BRIEF:
From the material below, return exactly the lines starting at the one that holds "Black titanium case" and ending at the one that holds "A striking pendant". Pictures stay out of the answer.

SUPPLIED RECORDS Block Start

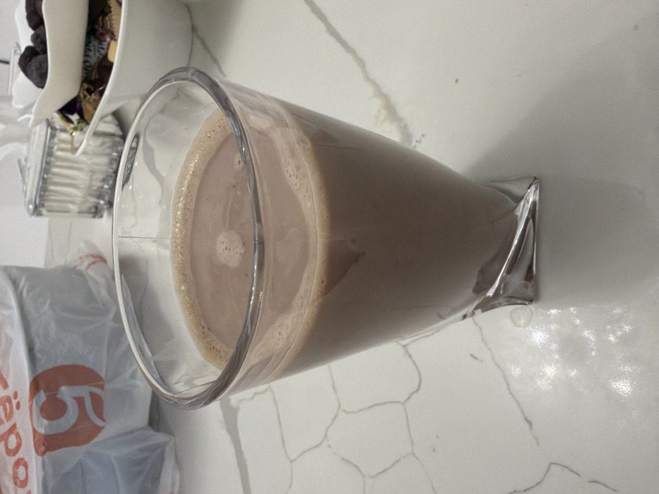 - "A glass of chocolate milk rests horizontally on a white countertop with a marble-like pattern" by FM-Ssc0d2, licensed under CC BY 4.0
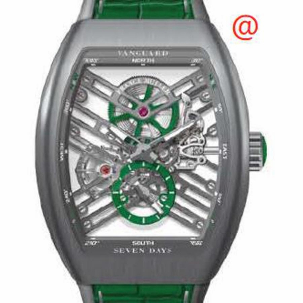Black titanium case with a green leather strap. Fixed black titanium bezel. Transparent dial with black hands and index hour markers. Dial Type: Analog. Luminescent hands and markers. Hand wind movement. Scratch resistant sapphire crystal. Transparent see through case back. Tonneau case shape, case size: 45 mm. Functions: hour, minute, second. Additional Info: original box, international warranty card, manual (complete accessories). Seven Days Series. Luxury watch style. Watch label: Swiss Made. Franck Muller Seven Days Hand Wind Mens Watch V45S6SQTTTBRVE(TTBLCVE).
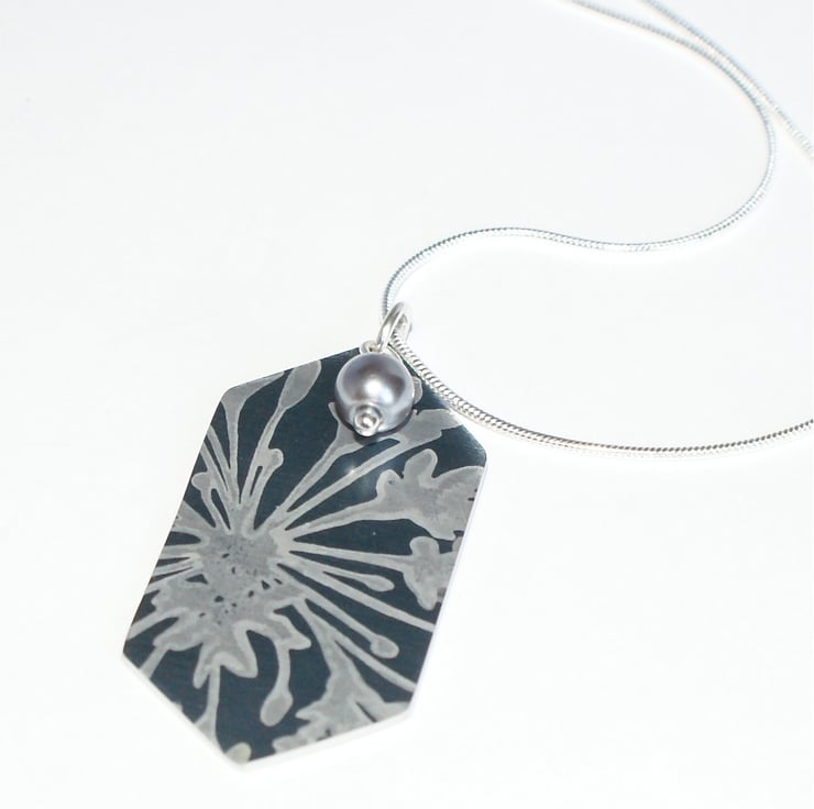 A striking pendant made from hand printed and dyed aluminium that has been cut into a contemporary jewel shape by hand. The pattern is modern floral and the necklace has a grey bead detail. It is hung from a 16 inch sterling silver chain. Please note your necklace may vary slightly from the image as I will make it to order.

SUPPLIED RECORDS Block End
SUPPLIED RECORDS Block Start

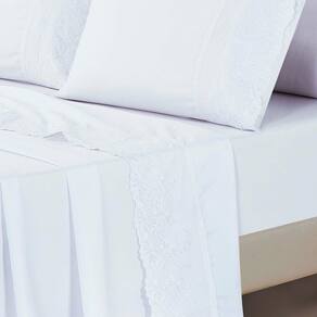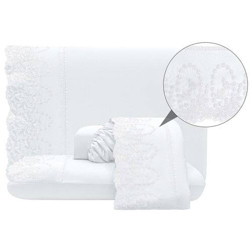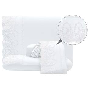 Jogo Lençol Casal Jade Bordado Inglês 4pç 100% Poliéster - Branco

SUPPLIED RECORDS Block End

SOLUTION TO THIS EXERCISE:
Black titanium case with a green leather strap. Fixed black titanium bezel. Transparent dial with black hands and index hour markers. Dial Type: Analog. Luminescent hands and markers. Hand wind movement. Scratch resistant sapphire crystal. Transparent see through case back. Tonneau case shape, case size: 45 mm. Functions: hour, minute, second. Additional Info: original box, international warranty card, manual (complete accessories). Seven Days Series. Luxury watch style. Watch label: Swiss Made. Franck Muller Seven Days Hand Wind Mens Watch V45S6SQTTTBRVE(TTBLCVE).
 A striking pendant made from hand printed and dyed aluminium that has been cut into a contemporary jewel shape by hand. The pattern is modern floral and the necklace has a grey bead detail. It is hung from a 16 inch sterling silver chain. Please note your necklace may vary slightly from the image as I will make it to order.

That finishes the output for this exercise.